Nailing every single one of these points and therefore standing tall as one of the greatest teen cult movies around is Michael Lehmann’s Heathers, a groundbreaking satire that took in all the usual targets of obnoxious bitchy cliques, clueless parents, do-gooding school councillors and tempestuous romances with the local bad boy all processed through the snappy inner monologue of a sardonic female lead. However, the movie also takes aim at some delightfully dark material such as teen suicides and school shootings. To say that the world hasn’t exactly learned from Heathers is an understatement, but in a cruelly amusing way that true Heathers fans will understand – it only makes the movie funnier. Or to quote Heather no. 1, Fuck me gently with a Chainsaw, do I look like Mother Teresa?

Veronica Sawyer is a member of the popular but tyrannical clique that rules the hallways of Westerburg Highschool that are popularly known as the Heathers, but she is growing increasingly despondent about the way Heather Duke, Heather McNamara and their leader, Heather Chandler treat those they deem beneath them – what, you thought they were called The Heathers because they like a particular type of shrub?
However, her longing for a simpler time when she would hang out with the nicer friends from her childhood is put on the back burner when the impossibly charismatic Jason Dean turns up at her school and immediately makes a name for himself when he pulls an unloaded gun on a couple of bullying jocks in the cafeteria.

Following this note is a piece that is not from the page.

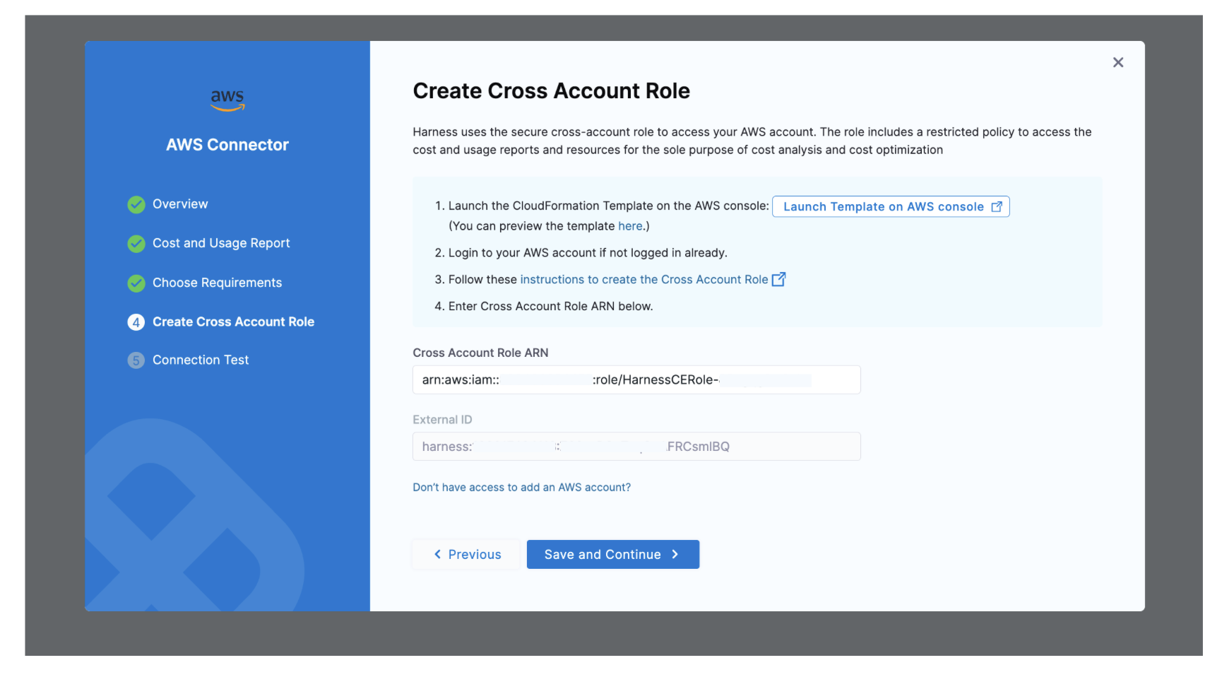 - Connect your AWS cloud account in Harness and set up CCM for cost management. For more information, go to Set up cost visibility for AWS.

While most people would run a mile at the sight of a gun totting student on a long black coat, Veronica is drawn to his nihilistic outlook on life that’s been forged by a mother who committed suicide and a mogul father who is uncomfortably enthusiastic about explosives.

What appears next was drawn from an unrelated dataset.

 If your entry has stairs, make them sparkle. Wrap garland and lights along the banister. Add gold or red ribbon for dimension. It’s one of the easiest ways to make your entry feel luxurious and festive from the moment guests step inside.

After a night out where Veronica angers Chandler by refusing to sleep with a member of a frat and then accidently vomits on her, the prime Heather vows to destroy her life, but to counteract it, J.D. and Veronica aim to give a harmless concoction to make her sick in return. However J.D. – that mischievous little psycho – has switch mugs “accidently” so the Heather actually drinks drain cleaner and promptly dies in in their panic, he convinces Veronica to forge a suicide note to cover up the fact that a flat out murder has just been committed.

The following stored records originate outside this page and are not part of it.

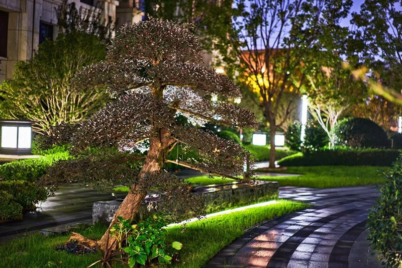 本次景觀改造對宅間綠植也做了明顯提升。和傳統園林相比,改造后的景觀效果顯得自然稟賦更為優化。除了栽種諸多與豪宅定位相匹配的名貴喬木,烏桕、樸樹、紫薇、晚櫻、臘梅等等;在組團搭配上,我們還增添了細葉芒、蒲葦、腎蕨和黃金串錢柳等,利用不同形態的苗木枝脈,營造出綠波交錯,建筑藏于園中的景觀體驗。地面鋪裝采用芝麻黑燒面碎拼而成,讓步道更為曲徑悠長,耐人尋味。
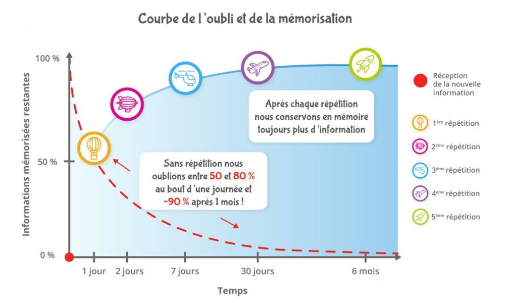 Pour lutter contre l’oubli, il ne suffit pas d’apprendre une information une seule fois : il faut la réviser régulièrement.
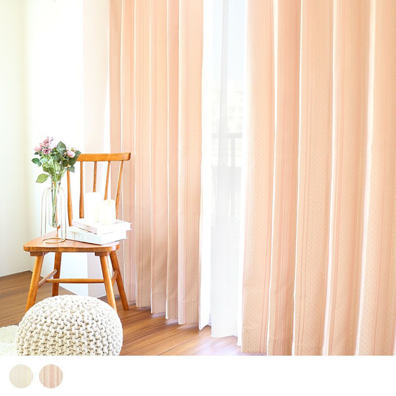 落ち着きのあるフェミニンなカラーとほどよく可愛いスクエアドットがマッチしたレースカーテン。

But a bizarre thing happens. Due to the popularity of Heather Chandler, the nature of her “suicide” makes the community only worship her more and thus a string of comical misunderstandings, public hypocrisy and yet more “suicides” starts to unfold. But when things start to reach critical mass, Veronica has to maybe accept that her complicated new boyfriend may just be an out and out serial killer.

I have to be honest, I never managed to catch Heathers at a time before virtually everything that happens in it frequently pops up in the news or at least a social media post literally every single day, so I have no idea if that makes watching it late makes more or less funnier if I’d seen it back in the 80s, but regardless of that, there’s no denying that Heathers may be one of the smartest, savviest and downright brutal teen movies of its kind ever made. Essentially taking the weaponized angst of the cadre of John Hughes teen movies release prior and warping them with a punk rock, fuck you attitude that still baffling warm, the movie literally stands at the meeting point between every teen movie made before and every teen movie made since. You don’t get the razor sharp, exagerated absurdity of Clueless or Mean Girls without the trio of rich pitches known as the Heathers, but similarly where do you think Diablo Cody’s career would have gone if not for the kooky, monocle wearing, cigarette puffing sight of Winnona Ryder’s Veronica?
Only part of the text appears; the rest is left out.